• WHAT IS EXPECTED
Your answer is the lines below, exactly, from the one that contains "会议共设六项议程。支部书记汪" through the one that contains "This 11-inch tall, 6-inch", both included.

• TASK DATA
• • • • •

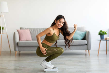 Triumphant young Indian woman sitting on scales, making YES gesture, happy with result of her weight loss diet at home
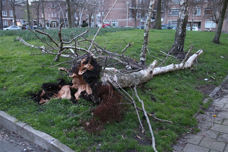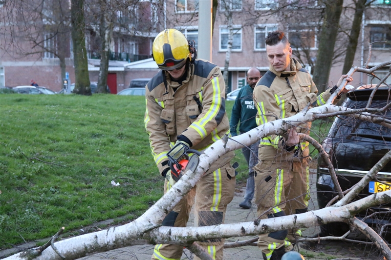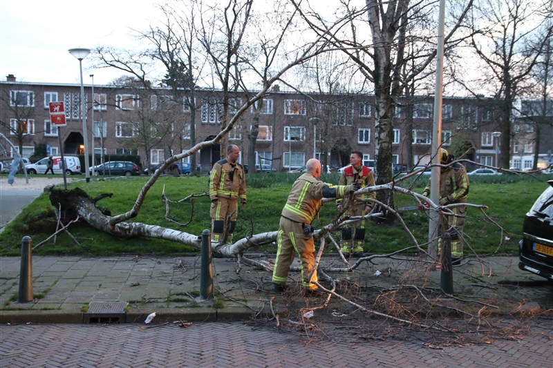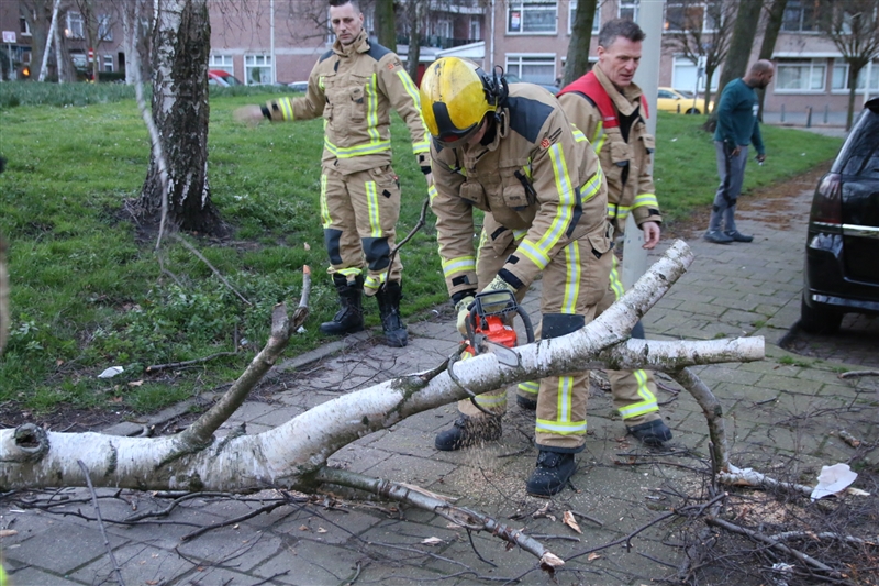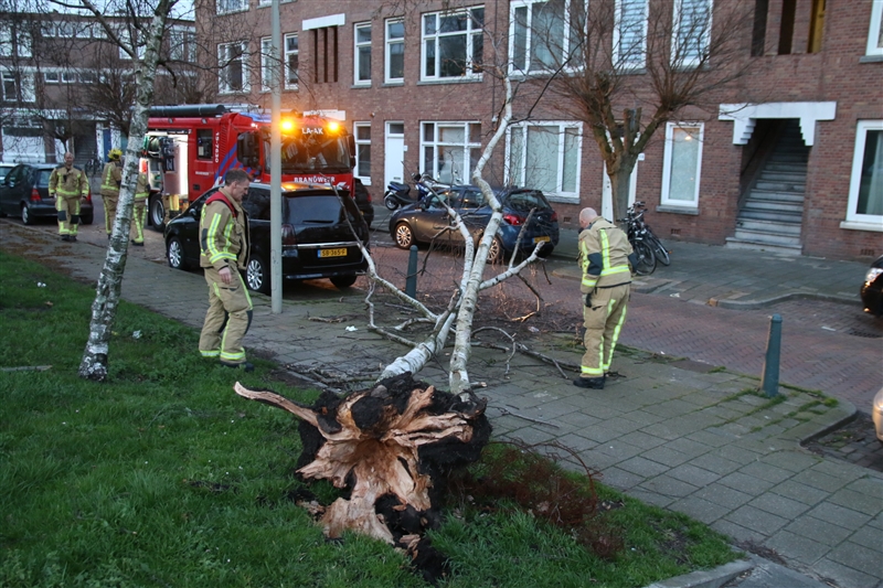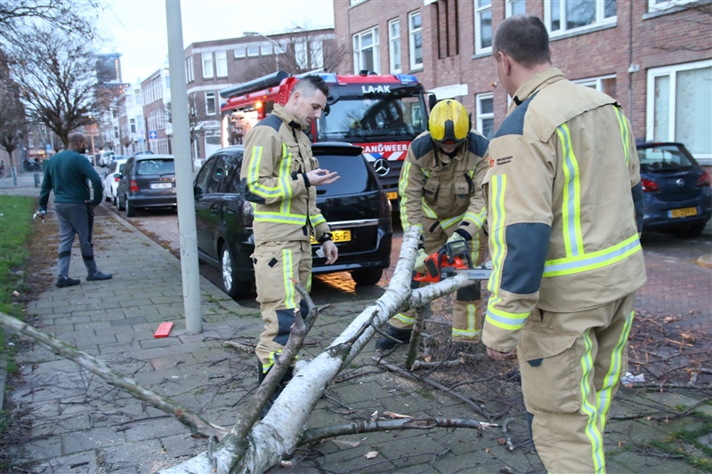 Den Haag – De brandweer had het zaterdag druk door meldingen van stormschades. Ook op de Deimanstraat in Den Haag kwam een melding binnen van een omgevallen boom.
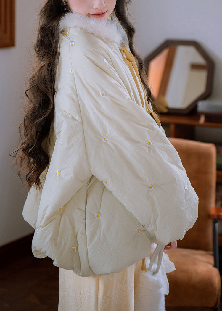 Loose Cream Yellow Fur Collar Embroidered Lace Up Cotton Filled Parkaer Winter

• • • • •

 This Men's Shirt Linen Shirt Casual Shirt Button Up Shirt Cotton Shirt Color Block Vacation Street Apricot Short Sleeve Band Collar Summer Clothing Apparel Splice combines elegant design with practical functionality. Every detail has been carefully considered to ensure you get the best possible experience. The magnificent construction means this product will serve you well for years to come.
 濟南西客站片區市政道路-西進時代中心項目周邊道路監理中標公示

• • • • •

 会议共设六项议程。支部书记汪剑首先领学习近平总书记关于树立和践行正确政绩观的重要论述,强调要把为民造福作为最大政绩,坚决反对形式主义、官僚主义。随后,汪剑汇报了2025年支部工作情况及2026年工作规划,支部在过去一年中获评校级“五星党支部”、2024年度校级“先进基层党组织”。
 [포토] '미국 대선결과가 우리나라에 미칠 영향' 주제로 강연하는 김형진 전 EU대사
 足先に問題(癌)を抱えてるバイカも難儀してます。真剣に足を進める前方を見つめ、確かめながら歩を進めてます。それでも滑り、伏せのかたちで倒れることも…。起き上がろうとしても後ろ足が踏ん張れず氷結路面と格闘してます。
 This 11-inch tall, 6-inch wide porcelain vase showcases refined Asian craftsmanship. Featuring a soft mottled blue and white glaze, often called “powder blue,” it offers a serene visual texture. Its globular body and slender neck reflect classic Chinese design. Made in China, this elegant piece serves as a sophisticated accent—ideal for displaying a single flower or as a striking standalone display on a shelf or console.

• • • • •

• SOLVED EXERCISE
 会议共设六项议程。支部书记汪剑首先领学习近平总书记关于树立和践行正确政绩观的重要论述,强调要把为民造福作为最大政绩,坚决反对形式主义、官僚主义。随后,汪剑汇报了2025年支部工作情况及2026年工作规划,支部在过去一年中获评校级“五星党支部”、2024年度校级“先进基层党组织”。
 [포토] '미국 대선결과가 우리나라에 미칠 영향' 주제로 강연하는 김형진 전 EU대사
 足先に問題(癌)を抱えてるバイカも難儀してます。真剣に足を進める前方を見つめ、確かめながら歩を進めてます。それでも滑り、伏せのかたちで倒れることも…。起き上がろうとしても後ろ足が踏ん張れず氷結路面と格闘してます。
 This 11-inch tall, 6-inch wide porcelain vase showcases refined Asian craftsmanship. Featuring a soft mottled blue and white glaze, often called “powder blue,” it offers a serene visual texture. Its globular body and slender neck reflect classic Chinese design. Made in China, this elegant piece serves as a sophisticated accent—ideal for displaying a single flower or as a striking standalone display on a shelf or console.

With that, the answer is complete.